# Parsen einer XML ohne Validierung



## rtt (21. Aug 2007)

Hallo,
ich habe ein Standalone Tool, welches eine bestimmte XML-Datei einliest. Dazu verwende ich SAXbuilder, was auch gut funktioniert, solage das Tool ins Internet kann. Wird das Tool auf einem Rechner verwendet, welches kein Internet hat, bekomme ich die folgende Exception: 

java.net.ConnectException: Connection timed out: connect

Das Problem ist anscheinend folgendes. Der SAX Parser versucht die XML-Datei zu validieren, was ihm aber bei fehlender Verbindung zum Internet nicht gelingt. Daher dann die Exception. 
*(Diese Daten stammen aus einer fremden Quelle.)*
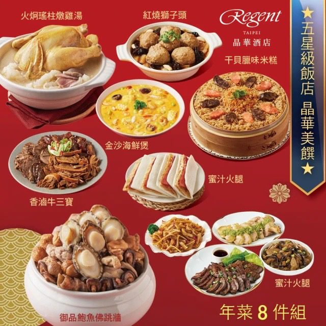 台北晶華酒店今年的年菜組合陣容澎湃,從有大顆鮑魚的「御品鮑魚佛跳牆」、加了花膠鮮甜濃郁的「火烔瑤柱燉雞湯」、細緻的「金沙海鮮羹」、今年新菜色有「紅燒獅子頭」與「蜜汁火腿」,主廚團隊以層層堆疊的湯底與火侯演繹「五星風味」的極致。冷盤、熱菜、湯羹與米糕組成完整桌席,華麗排場中藏著家的味道。往年總是提前一個月售完,一年一次的新春家宴,完整菜單要提早打理唷!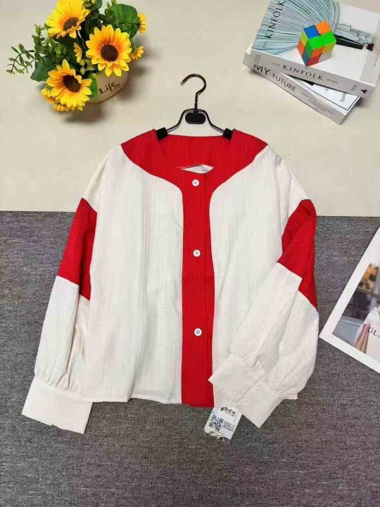 高级感别致红白撞色灯笼袖网红款雪纺衬衫,单款单色,品质好,有独立包装带吊牌,码数S- XL,数量380件左右,全清7.8元秒,分货➕1。。 货号:24862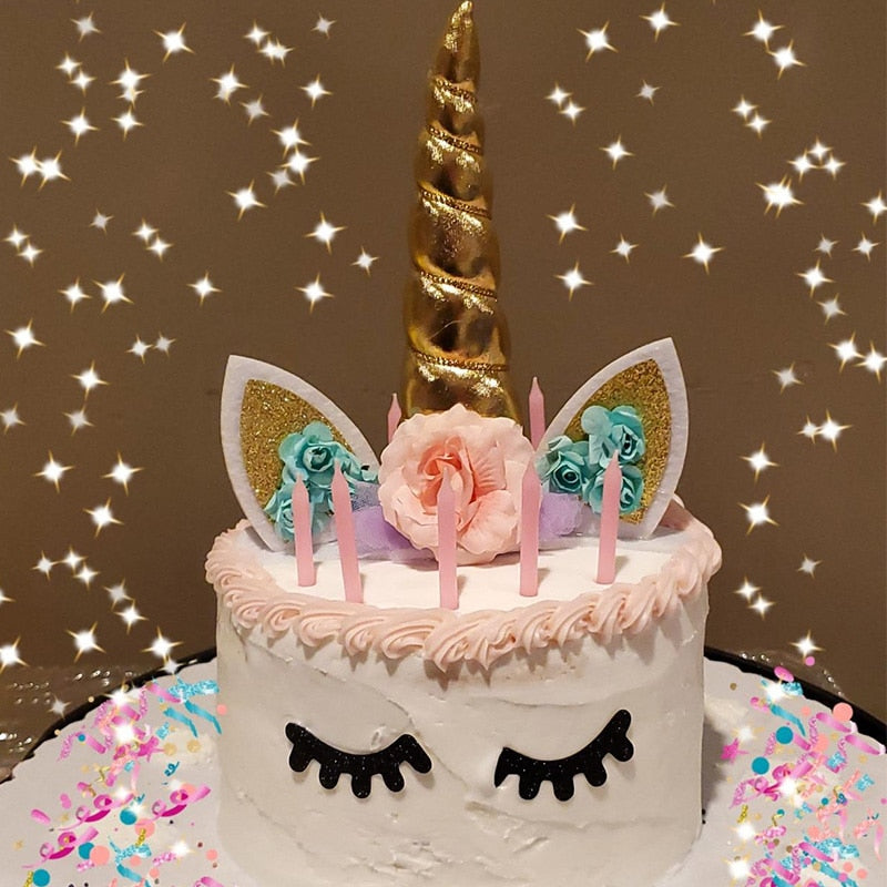 - 1 Enfeite de Bolo (Cílios, orelhas, chifre dourado e flores)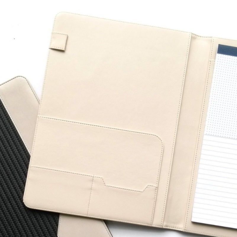 内側には複数のポケットを配置し、名刺やメモ、ペンなどの小物を整理整頓できる実用性の高い仕様です。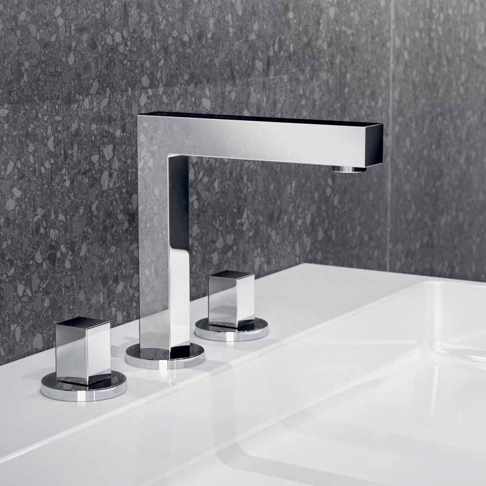 Modern 3-hole badkamer wastafel kraan gemaakt van messing met chromen afwerking.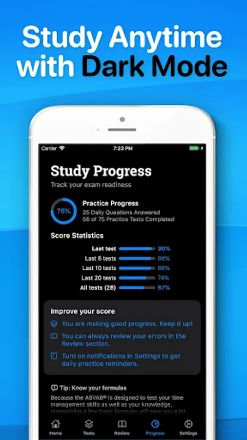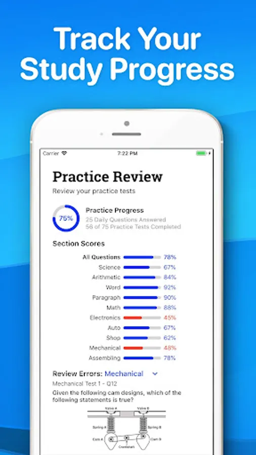 - Track Past Test Results - Individual tests will be listed with pass or fail and your mark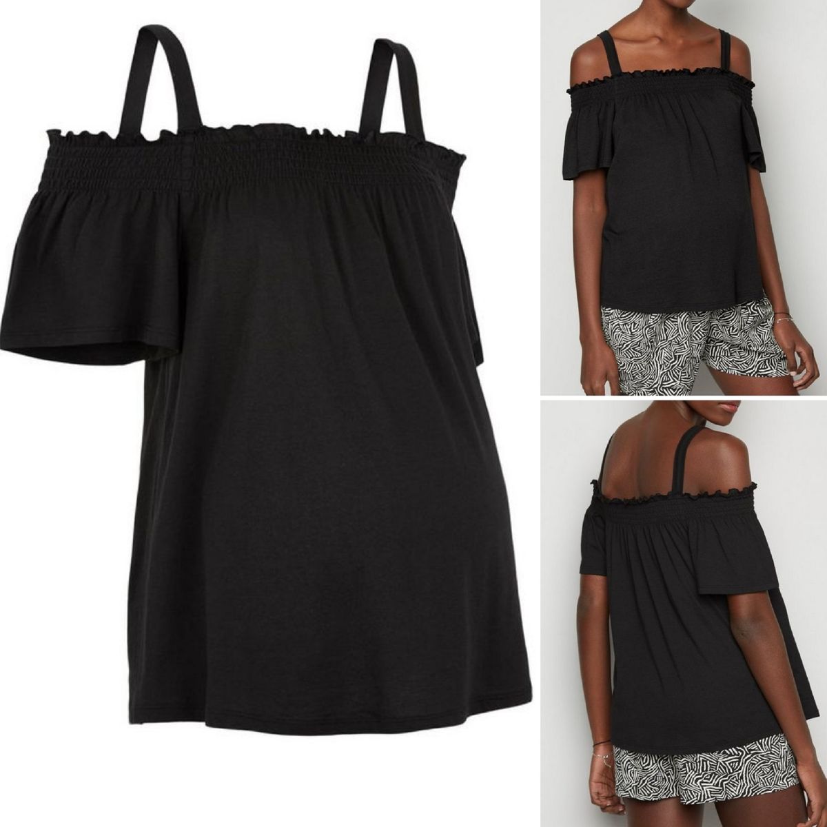 Your maternity wardrobe will be filled with stylish possibilities once you add this black bardot neckline spagetti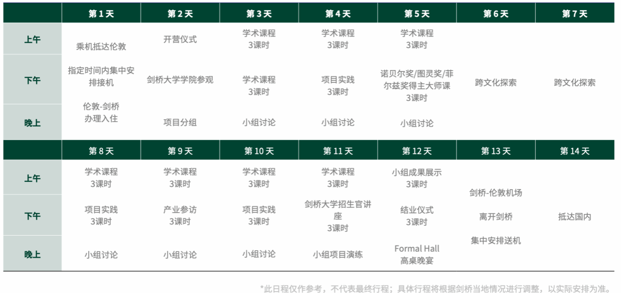 费用不包含:签证费、往返国际机票费用、在剑桥当地交通费及其它个人消费等。

Das setzen eines flag's, damit keine Validierung durchgeführt wird, brachte keinen Erfolg und erzeugte die Fehlermeldung:
java.net.UnknownHostException: www.springframework.org

Gibt es eine Möglichkleit die XML einzulesen, ohne das das Tool ins Netz muß und ohne dass ich eine DTD benötige?
Ziel ist es einfach einen bestimmten Wert auszulesen, eventuell abzuändern und wieder in der Datei zu speichern.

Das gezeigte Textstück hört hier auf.